Problem requirements
Would you give the listing back word for word once its pictures are removed?

Recorded data
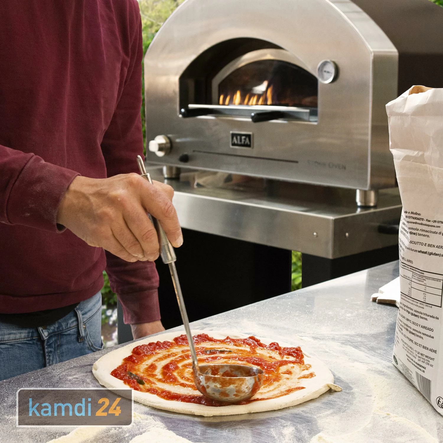 eignet sich hervorragend für gesellige Runden mit bis zu 20 Gästen. Das hochwertige Gerät kann super auf dem von Alfa Forni platziert werden. Die vier Standfüße sind bis zu 7 cm höhenverstellbar und mit Endkappen aus Kunststoff ausgestattet, welche ein Verkratzen der Tischoberfläche verhindern. Alternativ integrieren Sie unter Berücksischtigung der Mindestabstände auch mühelos in Ihre Outdoorküche und genießen zukünftig knusprige Pizza wie frisch vom Italiener!
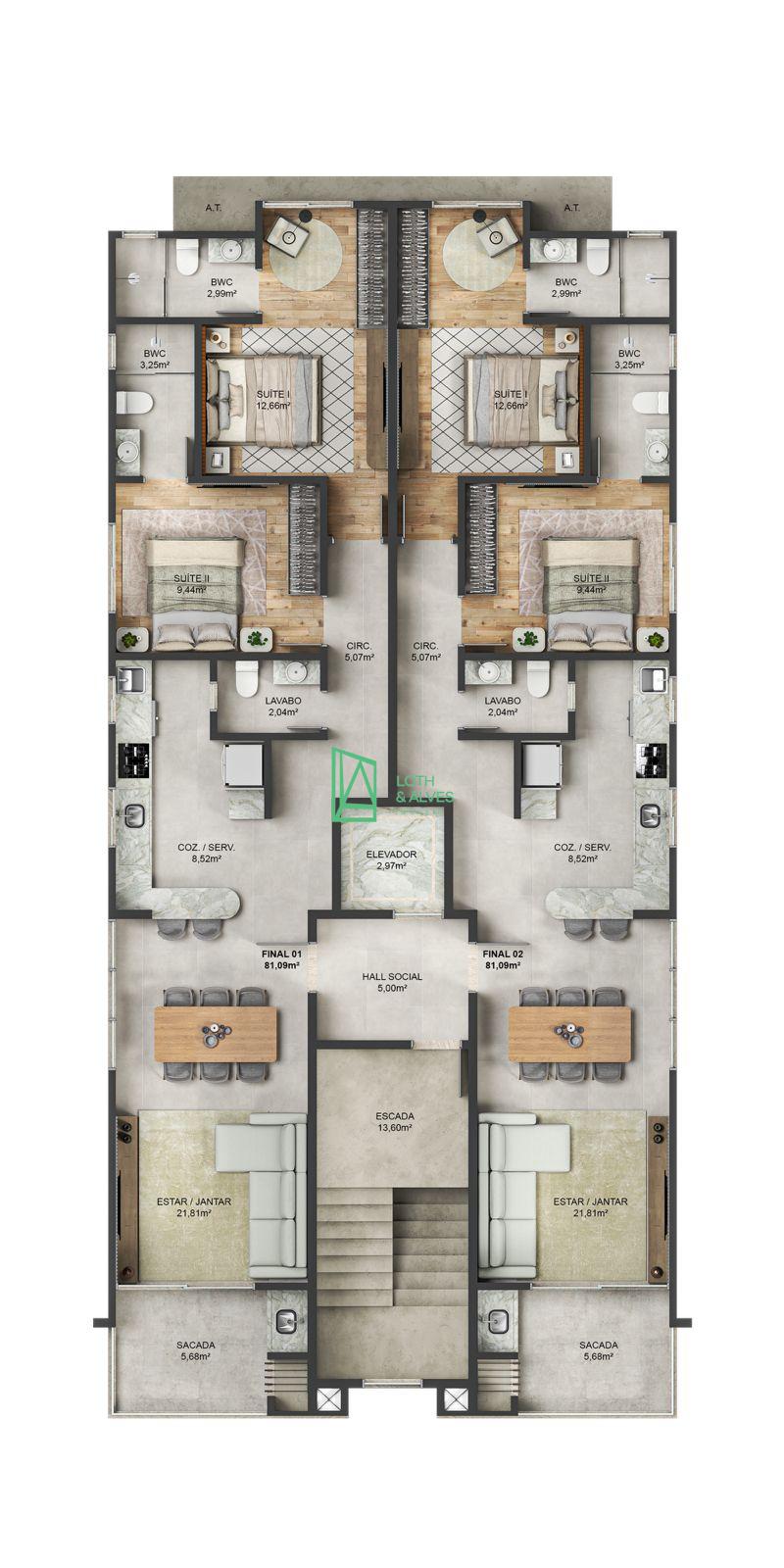 Apartamento possui 02 suites, lavabo, sacada com churrasqueira, cozinha, living integrado, 01 vaga de garagem
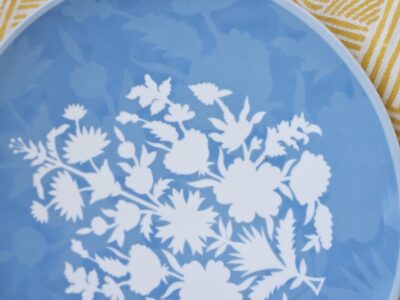 Piatti Piani in Ceramica Dipinta a Mano con Decalcomania Floreale Applicata a Mano – Set di 2
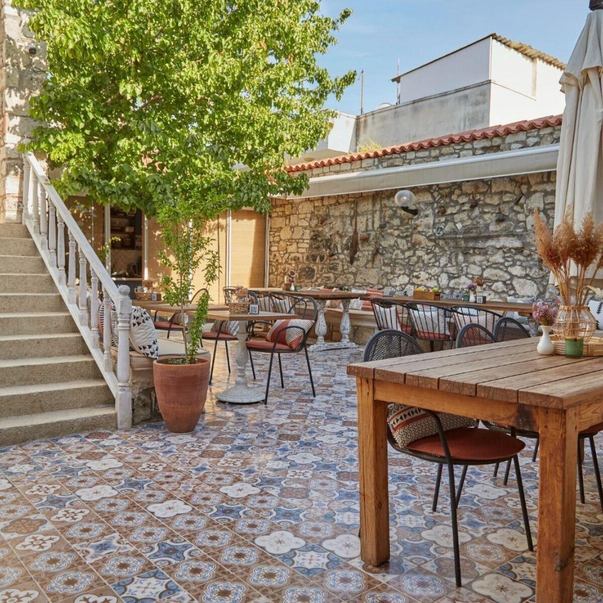 Keyifli Avlu Atmosferi: Otelin kendine has avlusunda kahvenizi yudumlarken Alaçatı’nın esintisini hissedin.

Answer section
 eignet sich hervorragend für gesellige Runden mit bis zu 20 Gästen. Das hochwertige Gerät kann super auf dem von Alfa Forni platziert werden. Die vier Standfüße sind bis zu 7 cm höhenverstellbar und mit Endkappen aus Kunststoff ausgestattet, welche ein Verkratzen der Tischoberfläche verhindern. Alternativ integrieren Sie unter Berücksischtigung der Mindestabstände auch mühelos in Ihre Outdoorküche und genießen zukünftig knusprige Pizza wie frisch vom Italiener!
 Apartamento possui 02 suites, lavabo, sacada com churrasqueira, cozinha, living integrado, 01 vaga de garagem
 Piatti Piani in Ceramica Dipinta a Mano con Decalcomania Floreale Applicata a Mano – Set di 2
 Keyifli Avlu Atmosferi: Otelin kendine has avlusunda kahvenizi yudumlarken Alaçatı’nın esintisini hissedin.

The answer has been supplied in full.